**WORK ITEM**
Take every record and write it out again exactly, with no images included.

**DATA EXCERPTS**
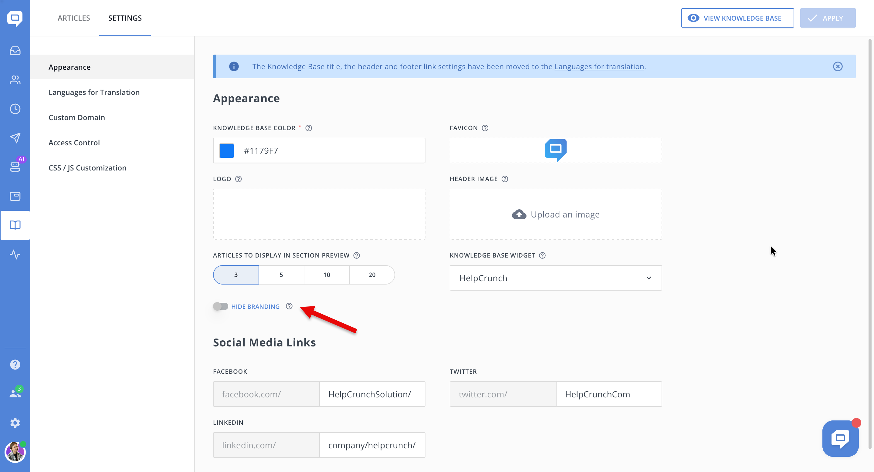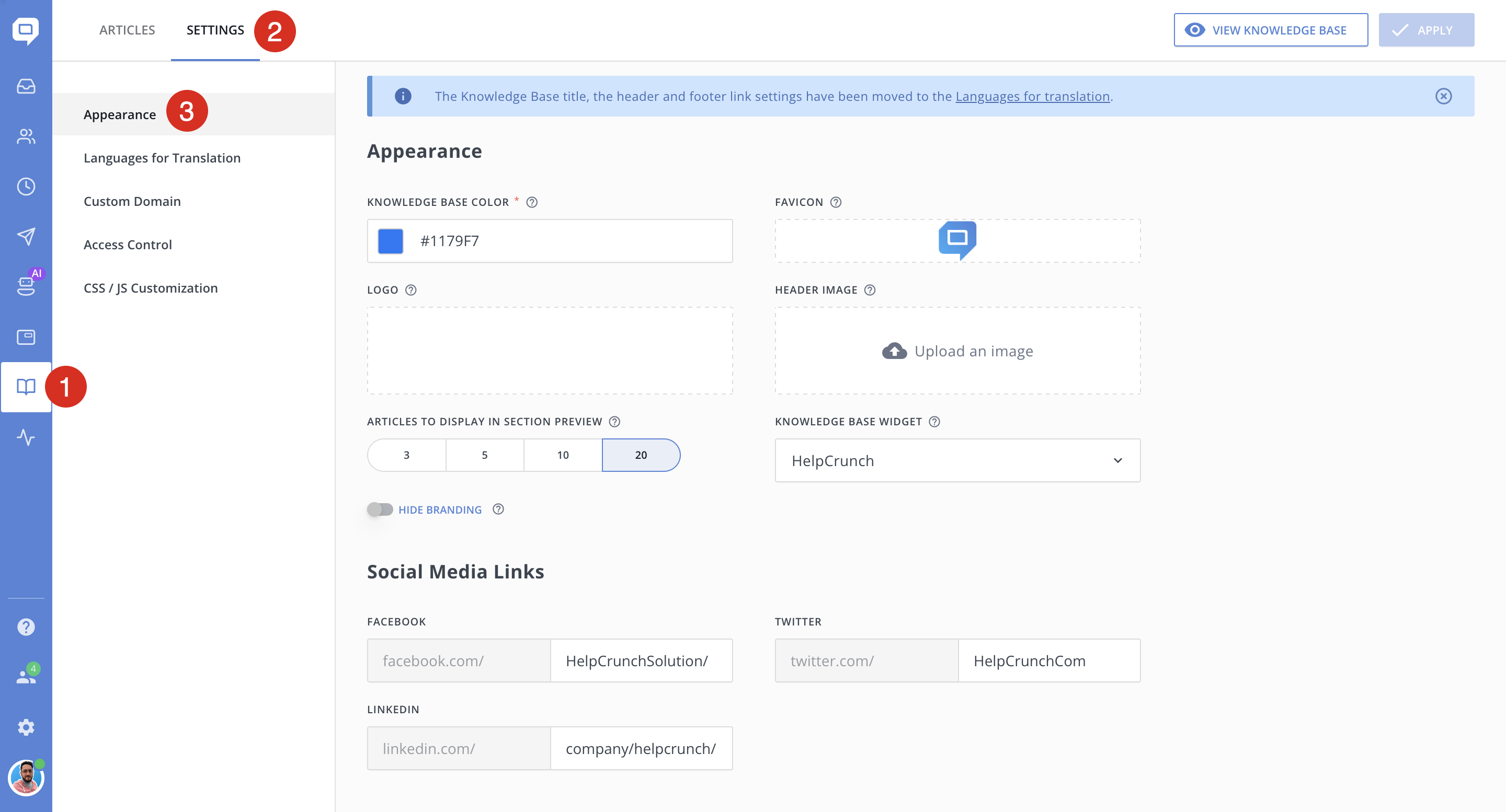 The Appearance section in Knowledge Base Settings lets you control how your Knowledge Base looks and how it’s visually integrated with your brand. These settings affect colors, branding elements, layout density, widget connection, and social links shown to visitors.
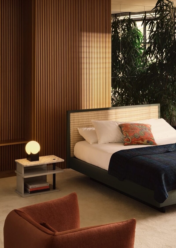 The AWASE bed by Omi Tahara for Bolzan is a bed frame design that applies principles of traditional Japanese joinery to a contemporary furniture piece. The frame is constructed from solid timber components that interlock without the use of metal fasteners, creating a continuous visual line along the headboard and side rails. The design emphasises the precision of wood connections and the clarity of form inherent in traditional woodworking techniques.
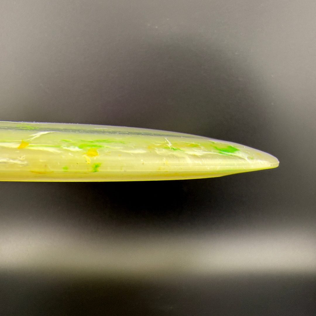 Granite plastic is DGA’s all-new premium blend, designed specifically for midranges and fairway drivers. Featuring bold, colorful marbled swirls, each disc is one-of-a-kind with a unique visual signature. Similar in feel to Discraft’s Jawbreaker plastic, Granite offers a balanced mix of grip and flex—firm enough for clean, confident releases, with just the right amount of give to handle torque and absorb ground impacts. It performs reliably in all conditions, making it ideal for controlled drives and approach shots. Crafted to meet the standards of DGA’s touring pros, Granite plastic delivers workhorse consistency with standout style.
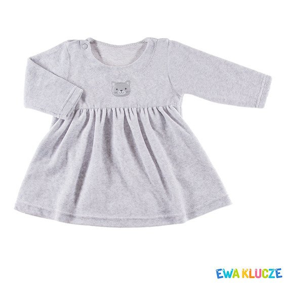Sukienka z kolekcji "True love" w dwóch wersjach kolorystycznych uszyta z miękkiego i przyjemnego w dotyku pastelowego weluru. Z przodu znajduje się naszywka przedstawiająca wesołe zwierzątko, zabezpieczona od wewnątrz, tak aby nie podrażniała delikatnej skóry dziecka. Krój umożliwia całkowite rozpięcie, przez co ubranko jest funkcjonalne i wygodne. Użyte napki nie zawierają niklu
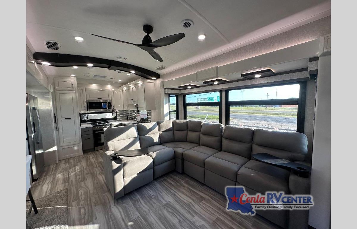 Each Pinnacle fifth wheel features Stronghold VBL lamination for the lightest, yet strongest construction in the RV industry. Add that to the Magnum Truss XL6 roof system and Climate Shield zero-degree tested weather protection and you'll be enjoying your fifth wheel for years to come. Some of the exterior conveniences you will appreciate are the Keyed-Alike lock system, the fully enclosed, universal docking center, and the 6-point hydraulic auto-leveling system for quick and easy set up. The 5 Star Handling Package will make towing a fifth wheel a walk in the park, and the two Whisper Quiet A/C units will keep you comfortable during the hot summer months. Inside, you'll enjoy the residential "Do it all" sink with pull-out kitchen faucet, glass rinse, and vegetable rinse, the handcrafted hardwood glazed cabinetry, the vinyl flooring throughout, plus many more comforts. There is even a central vacuum system, a wireless remote control system, USB ports throughout, plus many more conveniences to make each trip enjoyable.

**TASK ANSWER**
 The Appearance section in Knowledge Base Settings lets you control how your Knowledge Base looks and how it’s visually integrated with your brand. These settings affect colors, branding elements, layout density, widget connection, and social links shown to visitors.
 The AWASE bed by Omi Tahara for Bolzan is a bed frame design that applies principles of traditional Japanese joinery to a contemporary furniture piece. The frame is constructed from solid timber components that interlock without the use of metal fasteners, creating a continuous visual line along the headboard and side rails. The design emphasises the precision of wood connections and the clarity of form inherent in traditional woodworking techniques.
 Granite plastic is DGA’s all-new premium blend, designed specifically for midranges and fairway drivers. Featuring bold, colorful marbled swirls, each disc is one-of-a-kind with a unique visual signature. Similar in feel to Discraft’s Jawbreaker plastic, Granite offers a balanced mix of grip and flex—firm enough for clean, confident releases, with just the right amount of give to handle torque and absorb ground impacts. It performs reliably in all conditions, making it ideal for controlled drives and approach shots. Crafted to meet the standards of DGA’s touring pros, Granite plastic delivers workhorse consistency with standout style.
Sukienka z kolekcji "True love" w dwóch wersjach kolorystycznych uszyta z miękkiego i przyjemnego w dotyku pastelowego weluru. Z przodu znajduje się naszywka przedstawiająca wesołe zwierzątko, zabezpieczona od wewnątrz, tak aby nie podrażniała delikatnej skóry dziecka. Krój umożliwia całkowite rozpięcie, przez co ubranko jest funkcjonalne i wygodne. Użyte napki nie zawierają niklu
 Each Pinnacle fifth wheel features Stronghold VBL lamination for the lightest, yet strongest construction in the RV industry. Add that to the Magnum Truss XL6 roof system and Climate Shield zero-degree tested weather protection and you'll be enjoying your fifth wheel for years to come. Some of the exterior conveniences you will appreciate are the Keyed-Alike lock system, the fully enclosed, universal docking center, and the 6-point hydraulic auto-leveling system for quick and easy set up. The 5 Star Handling Package will make towing a fifth wheel a walk in the park, and the two Whisper Quiet A/C units will keep you comfortable during the hot summer months. Inside, you'll enjoy the residential "Do it all" sink with pull-out kitchen faucet, glass rinse, and vegetable rinse, the handcrafted hardwood glazed cabinetry, the vinyl flooring throughout, plus many more comforts. There is even a central vacuum system, a wireless remote control system, USB ports throughout, plus many more conveniences to make each trip enjoyable.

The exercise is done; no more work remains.